Football News

How will Arsenal fans react to Arsene Wenger on August 12th?

The publication of the Premier League fixtures this morning brought excitement and a narrative of hope for many clubs and their fans. Huddersfield Town and Brighton & Hove Albion will play their first ever Premier League games against Crystal Palace (a) and Man City (h) respectively. Tottenham; whose fans will believe this is their best opportunity yet to land the Premier League crown, will open with an away fixture at promoted Newcastle United. While a refreshed Liverpool team might be expected to blow Watford away at Vicarage Road.


Despite the air of early season optimism, it is almost certain that Arsene Wenger will continue to face the wrath of a large proportion of his club’s supporters when the Gunners take the field in their opening fixture, at home to Leicester City.

It’s true that nobody divides opinion in football circles as widely as the Arsenal manager, and the division is most evident within his own stands at the Emirates.

The Frenchman has the opportunity over the next two months to renew his vows with Gunners fans, but we believe he will fail for the following three reasons.

1. He won’t strengthen the team. Sure, players will arrive and the squad will be strengthened, but we think it’s highly unlikely that Wenger will pull the trigger on two or three marquee signings. The finances are available, but it would appear the veteran manager is more interested in leaving behind a legacy of financial management, than football excellence. Financial management is all well and good I hear you say, but it won’t put trophies on the table. True, if we exclude the multiple trophies that he’s won at the club’s helm. Whatever Wenger’s recruitment plans, we’d like to see him start early and big to get ahead of the mob.

2. The laws of football maths. Every financially astute club manager understands that when new players are added to the squad, others must be subtracted. Normally the minutiae of player exits is of little interest to casual fans, who are comfortable saying goodbye to fringe players and once promising under 23’s.

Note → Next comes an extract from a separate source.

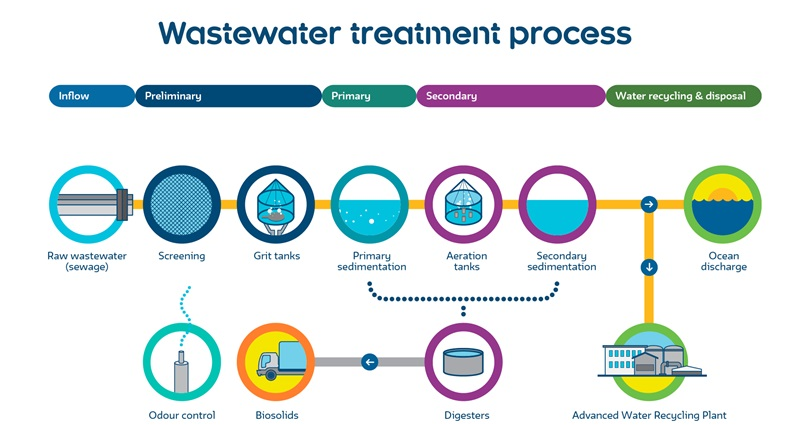 Wastewater treatment involves extensive sewer networks spanning thousands of kilometres, varying in size across regions and countries. Once wastewater reaches treatment plants, four stages include 污水处理涉及到绵延数千公里的庞大的排污管网,具体因国家和地区而异。污水进入处理厂后,将经过以下四个处理阶段:

But this season could bring something quite different for Arsenal. They could lose global stars Alexis Sanchez and Mesut Ozil. While Ozil under-performed last season, there is no doubting the player’s potential and his loss would be seen as a big step back by the Arsenal faithful. However this pales into significance when compared with the possible exit of Sanchez. The Chilean is easily Arsenal’s most influential player and his loss would be a catastrophic blow to morale on and off the pitch. There are only a handful of players in world football who could replace him and realistically they’re all out of Arsenal’s reach.

3. It’s the way we do things these days. There is limited loyalty in football today. We are in an era where managers lose their jobs on the back of a month’s worth of poor results. Perhaps the single greatest show of loyalty in the modern game was Arsenal’s decision to retain their manager in the face of such public pressure in May. I applaud Stan Kroenke’s faith in Wenger, but it is surely nothing more than a stay of execution. Wenger may need to sit top of the Premier League in August, September and October to extend his tenure to 2018. And even that level of success is likely to be short lived, because history suggests the Gunners often fold when the cold winter nights kick in.

Whatever his fate, we’re fans of Arsene Wenger at FantasySports.co.uk. We’d like to think he’ll be given the chance to enjoy a peaceful final season, before going on to manage a fine young generation of players with the French national team.